(Data records)
* * * * * * *

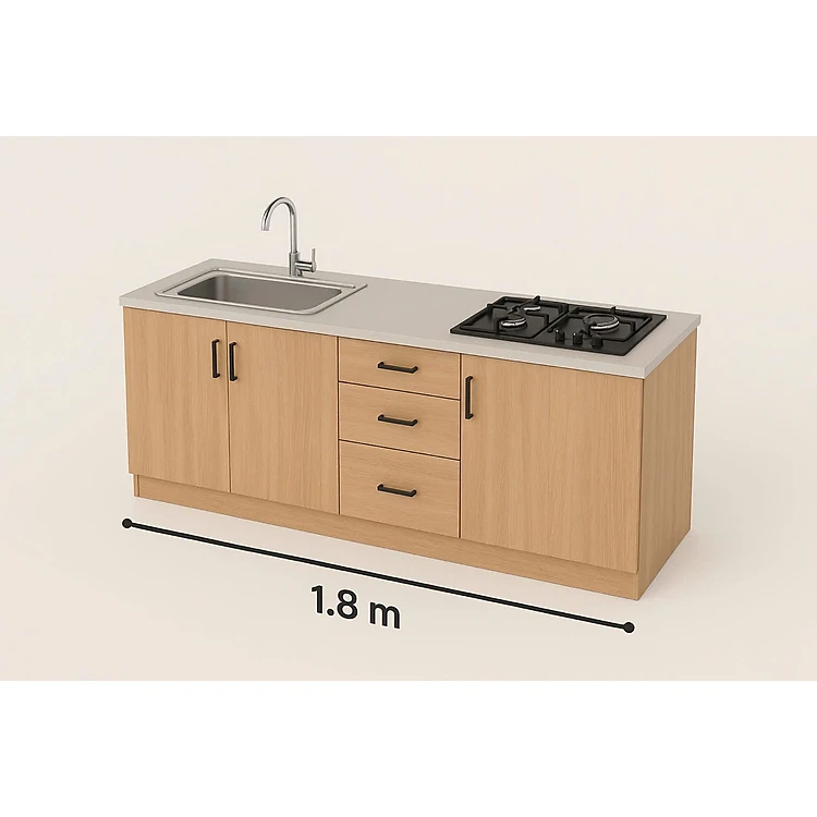 Kệ bếp Juno Sofa lắp ráp sẵn kèm bồn rửa đơn, bề mặt ốp gạch, khung nhựa màu gỗ sồi.
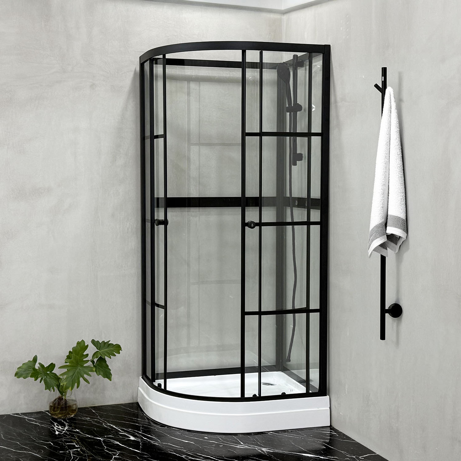 Duschkabin Bathlife Betrakta Rund är en prisvärd och stilren duschkabin med hörningång. Kabinen är utrustad med härdat säkerhetsglas, ett duschset och ett stabilt kar i vit akryl med avtagbar front, bottenventil samt avloppsslang.
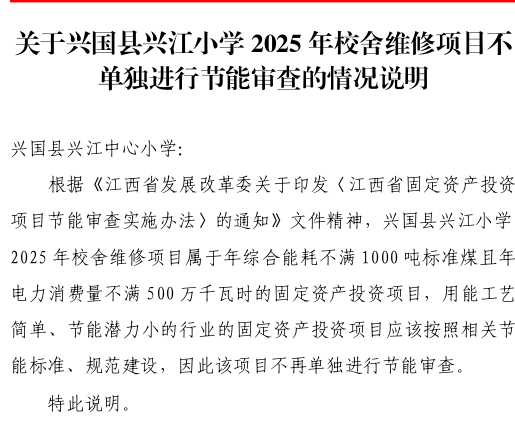 興行審?fù)顿Y字〔2025〕746號興國縣興江小學(xué)2025年校舍維修項目不單獨進行節(jié)能審查的情況說明
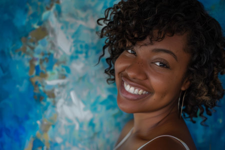 A young woman with curly brown hair stands in front of a brightly painted wall, smiling brightly.
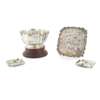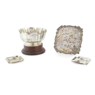 William Comyns & Sons, London 1905, moulded rim, presentation engraving 'Clare College Athletic Sports ... R. N. Postlethwaite 1906' raised on a pedestal foot; together with a card tray, Walker & Hall, Sheffield, 1933, of moulded square form, presentation engraving to centre and a pair of ashtrays (4)
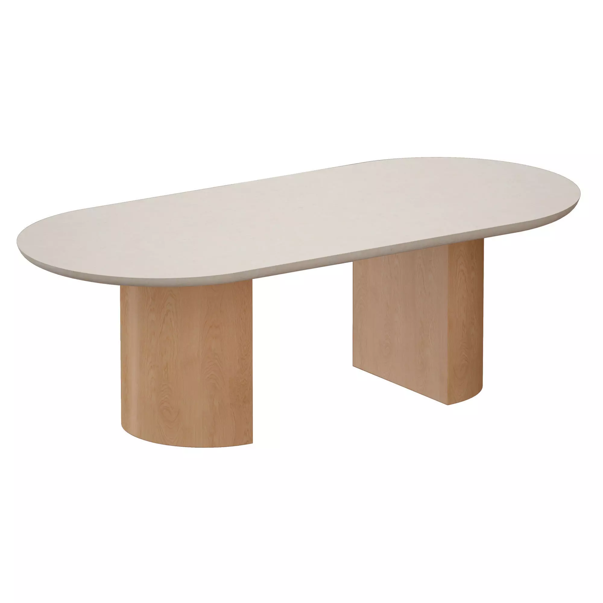 A coffee table with a travertine top, on two semicircular wooden columns.
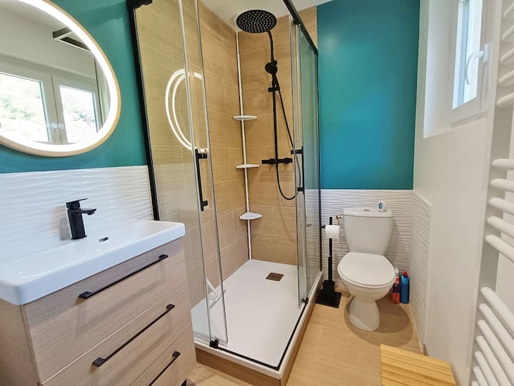 يضم هذا السكن، الذي يتسع لـ 6 أشخاص، غرفة معيشة ومطبخ مستقل وغرفتي نوم تطلان على الشرفة وحمام مع مرحاض وتراس. القدرة على شحن سيارتك الكهربائية إذا كنت تستأجر المرآب.
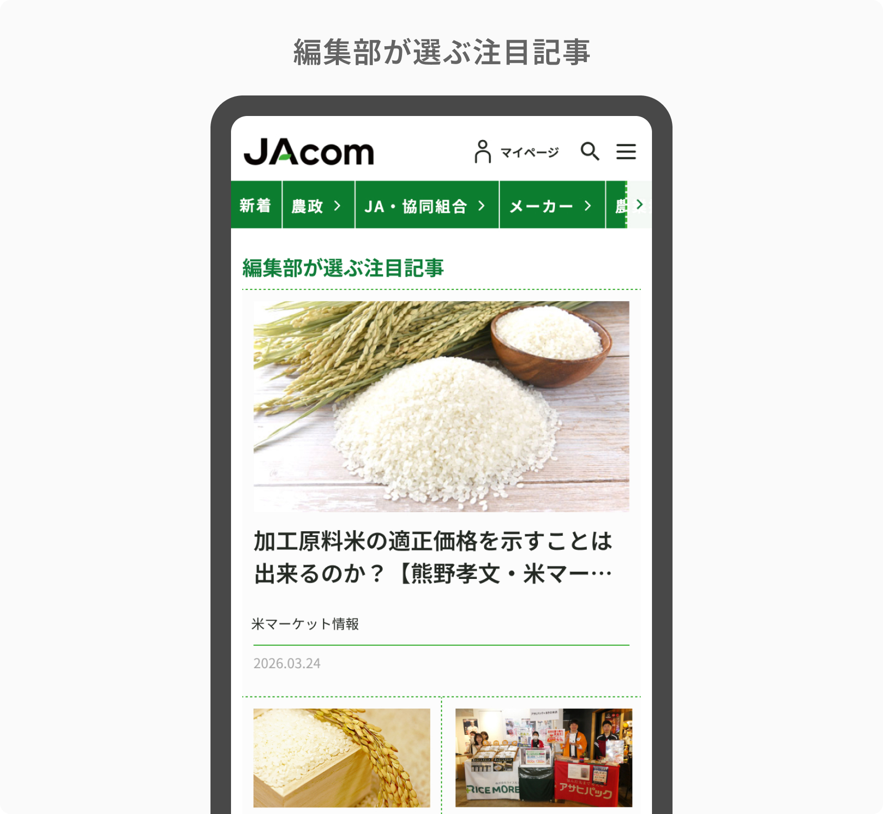 トップページには、編集部が「今、最も読んでいただきたい」と考える記事を厳選してピックアップするコーナーを新設しました 。定期的にチェックすることで、農業界の重要な動きや新しい視点に触れることができます。
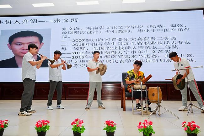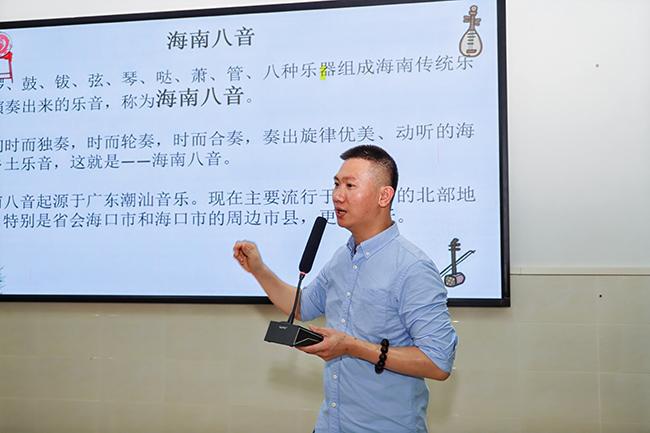 在中国乐器讲座课堂上,悠扬的旋律此起彼伏,我校器乐教研室的学生们用古筝、中阮、二胡、唢呐、笛子等民族乐器为当地师生带来了多首经典曲目并深入讲解了民族音乐作品创作、配器手法及海南八音演奏等知识。
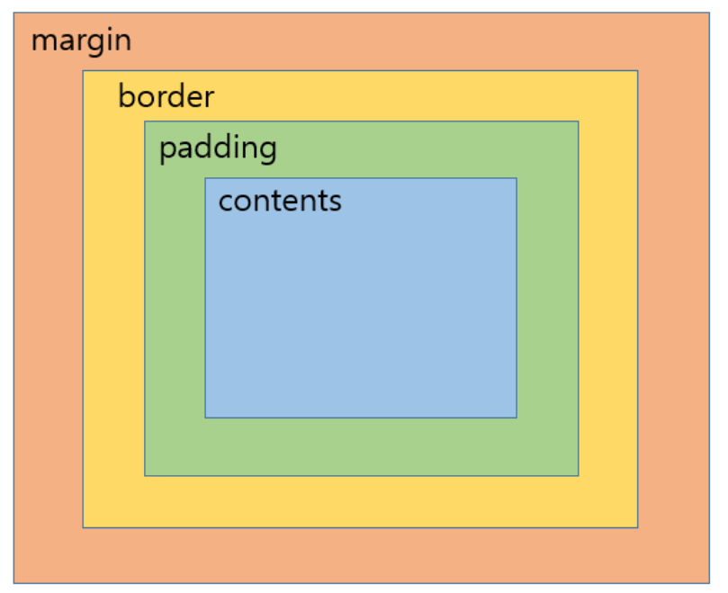CSS 박스는 4개의 영역으로 이루어집니다. 각 영역은 콘텐츠(contents) 영역, 안쪽(padding) 영역, 테두리(border) 영역, 바깥(margin) 영역이라고 부릅니다.
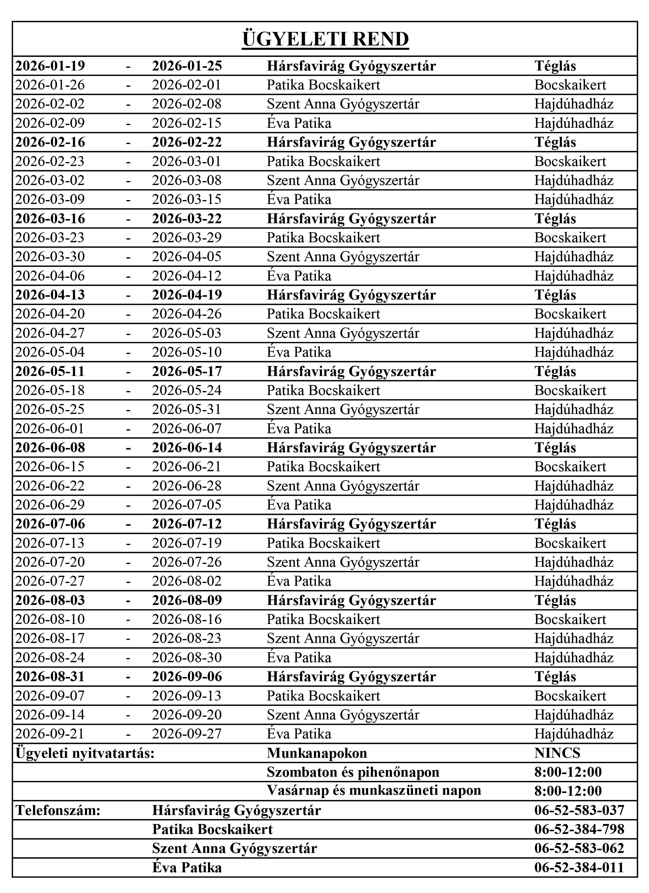 GYÓGYSZERTÁRI ÜGYELETI REND

* * * * * * *

● **YOUR ASSIGNMENT**
Nothing but the lines from the one containing "William Comyns &" through the last line of the records should appear in the copy, exactly as written and without pictures.

● **TASK OUTPUT**
 William Comyns & Sons, London 1905, moulded rim, presentation engraving 'Clare College Athletic Sports ... R. N. Postlethwaite 1906' raised on a pedestal foot; together with a card tray, Walker & Hall, Sheffield, 1933, of moulded square form, presentation engraving to centre and a pair of ashtrays (4)
 A coffee table with a travertine top, on two semicircular wooden columns.
 يضم هذا السكن، الذي يتسع لـ 6 أشخاص، غرفة معيشة ومطبخ مستقل وغرفتي نوم تطلان على الشرفة وحمام مع مرحاض وتراس. القدرة على شحن سيارتك الكهربائية إذا كنت تستأجر المرآب.
 トップページには、編集部が「今、最も読んでいただきたい」と考える記事を厳選してピックアップするコーナーを新設しました 。定期的にチェックすることで、農業界の重要な動きや新しい視点に触れることができます。
 在中国乐器讲座课堂上,悠扬的旋律此起彼伏,我校器乐教研室的学生们用古筝、中阮、二胡、唢呐、笛子等民族乐器为当地师生带来了多首经典曲目并深入讲解了民族音乐作品创作、配器手法及海南八音演奏等知识。
CSS 박스는 4개의 영역으로 이루어집니다. 각 영역은 콘텐츠(contents) 영역, 안쪽(padding) 영역, 테두리(border) 영역, 바깥(margin) 영역이라고 부릅니다.
 GYÓGYSZERTÁRI ÜGYELETI REND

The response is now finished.